Что? Катча? Стрелица? Сиксеру как ни силился, не мог найти в этом решении логику; а впрочем он был совсем не в том состоянии, чтобы о чем-то задумываться. Может Катча на самом деле была магеей на полставки, а может пачеора съела на операциях; как бы там ни было, ему даже немного полегчало от мысли, что подруга останется рядом. Он и в самом деле доверял Чабведе и не сомневался в ее силах, а все-таки умереть рядом с другой стрелицей не так страшно, как в компании одной лишь непонятной и загадочной магеи.

— Могу я присутствовать? — строго спросила лекарея, пытаясь испепелить Чабведу взглядом. Та обменялась серьезными взорами с Катчей и выдала заключение:

— Нет. Поскольку это заклинание — мое изобретение, я бы не хотела, чтобы непонятно кто его увидела раньше времени.

Лицо старшей лекареи стало таким красным, что невольно захотелось ее пожалеть; но она тут же развернулась и стрелой выскочила из шатра. Остальные лекареи собрали инвентарь, немного демонстративно, показывая, что ничего Чабведе не оставят; а Чабведа проводила их равнодушным взглядом и попросила Катчу передать ей сумку, которую стрелица все это время держала при себе.

Внутри оказались склянки, книги, перья фирелоров для письма, а еще — множество фиолетовых кристаллов, таких же, какие папа добывал в своей шахте.

— Смотри, какие красивые, — мягко сказала Катча, вынимая из сумки самые крупные кристаллы. — Возможно, некоторые из них добыл твой папа.

— Не говори о нем, — попросил Сиксеру, закусывая губу. — Или ты еще не насмотрелась на мои слезы?
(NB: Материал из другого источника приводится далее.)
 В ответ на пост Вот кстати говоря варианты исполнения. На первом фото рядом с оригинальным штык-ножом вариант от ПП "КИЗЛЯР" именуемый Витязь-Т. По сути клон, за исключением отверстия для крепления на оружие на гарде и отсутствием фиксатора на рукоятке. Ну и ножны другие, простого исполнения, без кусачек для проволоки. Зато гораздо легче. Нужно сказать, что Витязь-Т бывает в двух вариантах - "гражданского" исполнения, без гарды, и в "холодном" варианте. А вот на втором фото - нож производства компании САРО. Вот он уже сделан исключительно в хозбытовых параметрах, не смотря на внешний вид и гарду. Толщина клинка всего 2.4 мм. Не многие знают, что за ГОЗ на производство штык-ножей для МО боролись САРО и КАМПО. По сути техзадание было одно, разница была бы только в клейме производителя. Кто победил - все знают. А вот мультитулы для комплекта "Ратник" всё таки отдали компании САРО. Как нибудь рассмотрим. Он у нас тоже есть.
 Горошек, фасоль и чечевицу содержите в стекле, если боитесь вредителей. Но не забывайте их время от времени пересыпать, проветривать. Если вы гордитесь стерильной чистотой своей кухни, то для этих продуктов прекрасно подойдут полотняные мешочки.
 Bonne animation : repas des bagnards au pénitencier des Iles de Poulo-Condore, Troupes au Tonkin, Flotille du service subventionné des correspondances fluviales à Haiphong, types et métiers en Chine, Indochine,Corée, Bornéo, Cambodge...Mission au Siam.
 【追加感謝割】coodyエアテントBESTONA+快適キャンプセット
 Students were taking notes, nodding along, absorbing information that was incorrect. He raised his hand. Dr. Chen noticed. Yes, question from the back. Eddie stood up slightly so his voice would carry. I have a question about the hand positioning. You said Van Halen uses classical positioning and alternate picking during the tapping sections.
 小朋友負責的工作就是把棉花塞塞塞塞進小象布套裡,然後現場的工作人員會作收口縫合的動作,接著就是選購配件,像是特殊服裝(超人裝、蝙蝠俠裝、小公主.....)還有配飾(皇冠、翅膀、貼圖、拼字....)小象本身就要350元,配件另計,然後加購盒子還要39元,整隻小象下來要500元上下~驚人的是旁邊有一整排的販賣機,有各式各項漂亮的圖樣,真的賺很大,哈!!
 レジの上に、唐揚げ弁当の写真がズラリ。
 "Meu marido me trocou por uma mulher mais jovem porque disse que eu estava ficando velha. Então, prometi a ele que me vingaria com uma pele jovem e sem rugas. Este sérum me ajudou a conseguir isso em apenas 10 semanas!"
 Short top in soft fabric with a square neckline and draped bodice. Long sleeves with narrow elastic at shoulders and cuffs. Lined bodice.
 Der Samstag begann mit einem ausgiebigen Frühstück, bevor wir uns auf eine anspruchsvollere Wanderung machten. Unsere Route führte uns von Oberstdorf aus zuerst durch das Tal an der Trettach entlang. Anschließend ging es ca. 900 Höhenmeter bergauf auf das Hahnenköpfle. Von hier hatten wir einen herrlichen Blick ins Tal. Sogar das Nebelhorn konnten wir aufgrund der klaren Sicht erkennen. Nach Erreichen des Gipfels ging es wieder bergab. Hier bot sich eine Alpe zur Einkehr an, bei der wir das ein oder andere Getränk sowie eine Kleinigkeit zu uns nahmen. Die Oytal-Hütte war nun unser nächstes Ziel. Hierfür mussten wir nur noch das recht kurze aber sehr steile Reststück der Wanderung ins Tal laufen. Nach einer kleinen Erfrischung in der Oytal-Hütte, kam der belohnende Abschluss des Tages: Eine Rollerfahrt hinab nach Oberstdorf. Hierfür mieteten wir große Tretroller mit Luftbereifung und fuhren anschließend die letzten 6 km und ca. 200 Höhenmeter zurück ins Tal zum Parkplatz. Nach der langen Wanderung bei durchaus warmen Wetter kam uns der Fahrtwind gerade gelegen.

— Ой, ну что ты, — она смутилась и поспешно положила кристалл на спальник чуть выше его головы. — Мы тебя так подлатаем, он от гордости лопнет!

Ага. Уже "мы".

Надо было сдержаться, но Сиксеру не смог:

— А ты что, в этом что-то понимаешь?

Катча как раз раскладывала вокруг него другие кристаллы и даже выронила один от смущения. Кристалл упал ему на руку, и Сиксеру рефлекторно сжал его в пальцах — было в холоде и гладкости кристаллических граней что-то такое, что напоминало о доме и детстве. Об отце.

Не думать об отце!

— Госпожа Чабведа была так мила, что лично занималась моим выздоровлением, — испуганно оправдывалась Катча. — И мы, ну, и я увидела некоторые ее ритуалы... и все!

Только не думать об отце...

— Вот, выпей, пожалуйста, — Чабведа поднесла к губам Сиксеру флакон с пряной на запах незнакомой жидкостью. — Это отвар красного корня. Отличная штука; ее используют мужчины для удовольствий, когда сил уже нет, а поток клиенток еще не иссяк. Отключает мозг, зато оставляет вполне активным тело. Не беспокойся, я подобрала такой процент разведения, благодаря которому ты уснешь, ощущения отключатся, боли не будет, но и никаких неловкостей, скорее всего, не произойдет.

Последнее утверждение прозвучало слишком неуверенно.

— Женщины, пощадите, — Сиксеру дернулся и отвернулся от флакона, ему было жутко от мысли, что в него вольют какое-то зелье мужчин для удовольствий, и что за этим может последовать. — Я же потом вам в глаза смотреть не смогу...

— Если ты думаешь, что я члена в жизни не видела, подумай еще, — усмехнулась Чабведа. — Я не хочу использовать наркоз лекарей, потому что он замедляет сердцебиение, а мое заклинание связано с током крови в твоем теле. Ясно?

Ничего не было ясно; Кайли сел прямо на его спальник в головах, схватил за челюсть и зафиксировал голову так, что не выпить отвар красного корня Сиксеру уже не смог.

— А теперь скажи-ка мне, сколько вокруг тебя кристаллов? — попросила Чабведа.

— Ну, на один Кайливир уселся своей... — сквозь боль и отчаяние Сиксеру нашел в себе силы разозлиться. — А так два... три...

Мысли поплыли, веки потяжелели; он успел увидеть улыбающееся лицо Кайливира над своим, а после погрузился в непонятный, терпкий, сладкий сон, из которого не хотелось выбираться.